Europe in Winter

Home > Science > Europe in Winter > Page 25
Europe in Winter Page 25

by Dave Hutchinson


  He only spoke a couple of words of Polish, and refused to speak Russian. Forsyth had picked up a few phrases of Ukrainian from some of his fellow-workers when he was working the Moscow Metro, but his pronunciation was so bad that he couldn’t get Fox to understand them, so the two of them wandered about in a fog of mutual incomprehension, which seemed to suit Fox all right because he hardly took any notice of his lodger apart from putting huge greasy fried meals on the table at irregular hours of the day and night. Fox took his own meals in front of the entertainment set, and when he was finished he put his plate on the floor. He only seemed to do the washing-up at long intervals: there was always a stack of plates beside his chair, crusted with dried food and congealed grease.

  The room Forsyth had been given was full of mismatched furniture: chairs, tables, a sofa, all piled haphazardly one on top of the other. Occasionally Fox would go out and return with another chair or a table and dump it on the stack. What this was all about, Forsyth could only guess, but he had managed to clear a kind of nest for himself amongst all the rubbish, on the floor under a table. He’d padded the floor with three or four big thick blankets, and used his rolled-up jacket as a pillow. Fox liked to keep the heating turned up to equatorial levels, which more or less did away with the need for sheets but subtly enhanced the general miasm of rotting food which filled the flat.

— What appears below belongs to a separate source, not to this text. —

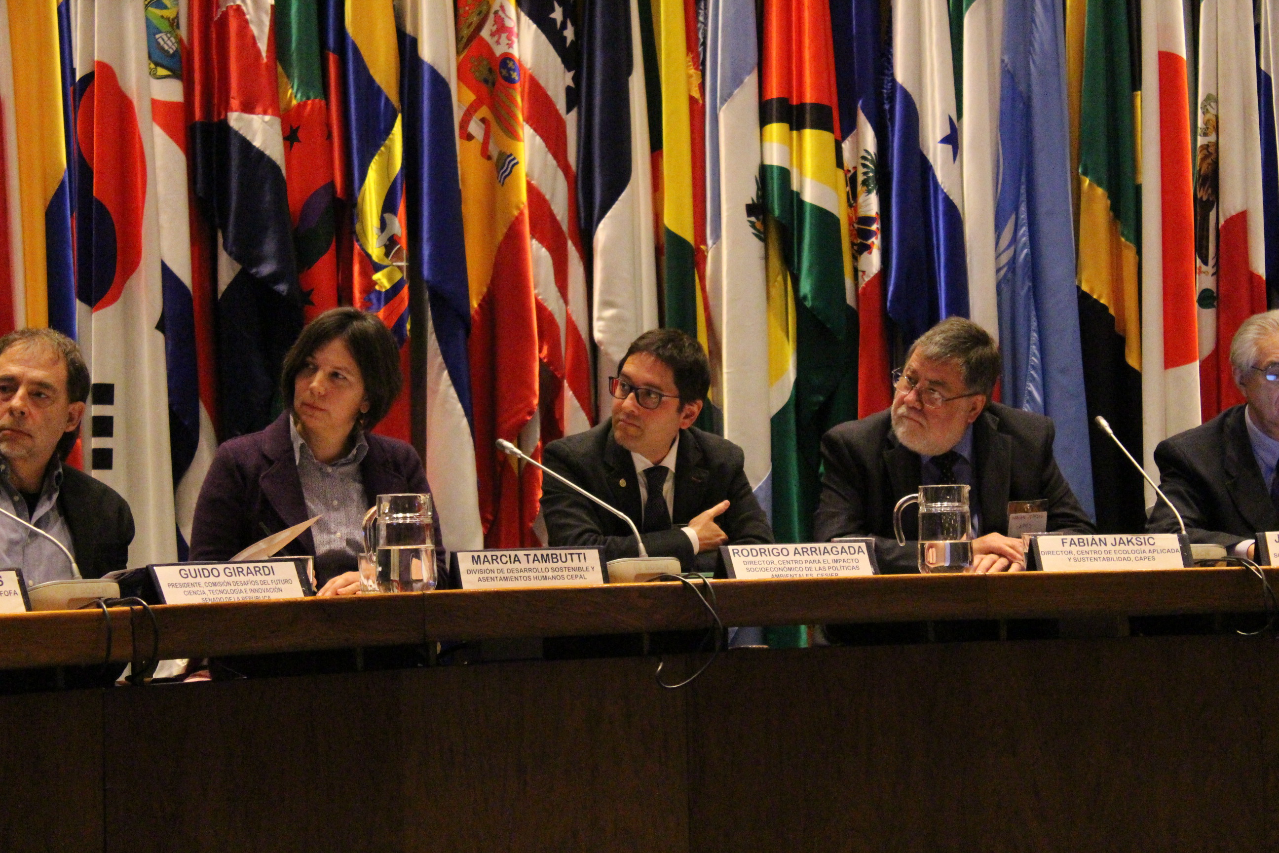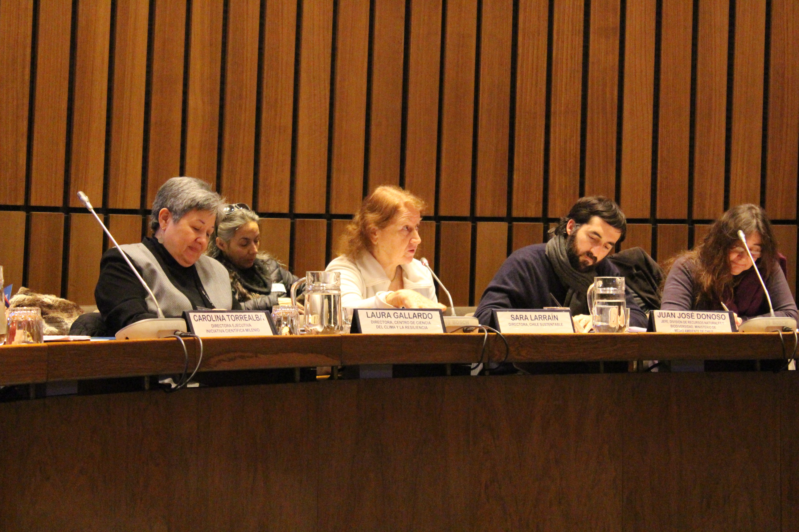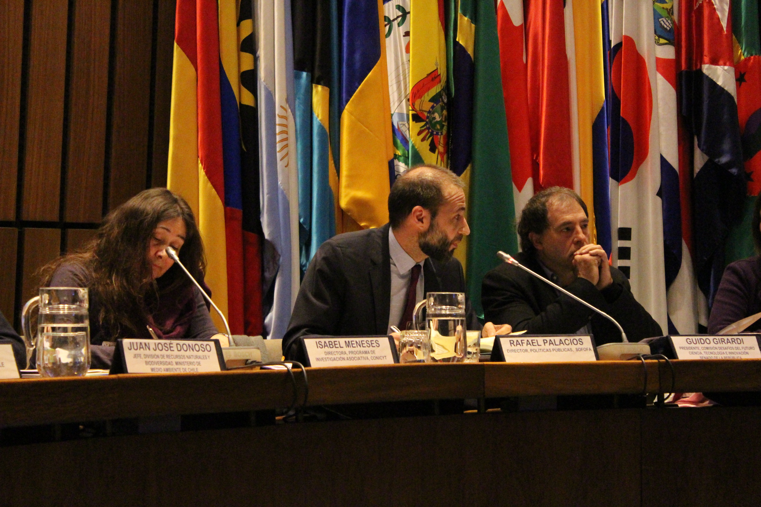 Quienes conformaron el panel en esta oportunidad fueron Rafael Palacios, director de políticas públicas de la SOFOFA, Isabel Meneses, directora del Programa de Investigación Asociativa de CONICYT, Sara Larraín, directora de Chile Sustentable, Juan José Donoso, jefe de la División de Recursos Naturales y Biodiversidad del Ministerio de Medio Ambiente, Guido Girardi, presidente de la Comisión Desafíos del Futuro, Ciencia, Tecnología e Innovación de la cámara del Senado y Laura Gallardo, directora del Centro de Ciencia del Clima y la Resiliencia (CR)2.

  Unable to sleep at night, Forsyth lay on his back staring up at the underside of the tabletop, going over and over the events of that night in the Metro. He still couldn’t work out what had happened. One moment Crispin had been there, chiding him for just assuming he was involved in some kind of drug deal. The next moment, Crispin was gone and Forsyth was lying on the trackbed. Between those two memories, something pretty major had obviously taken place, but Forsyth had no idea what it might have been. He couldn’t even work out how long he’d been lying there insensible.

  Nor could he force himself to remember how he’d finally managed to get out of the Metro, or how he had got as far as Mokotów. Or too many things. What he could remember, like that Russian-speaking voice, could only have been some kind of hallucination, there was no other way to explain it.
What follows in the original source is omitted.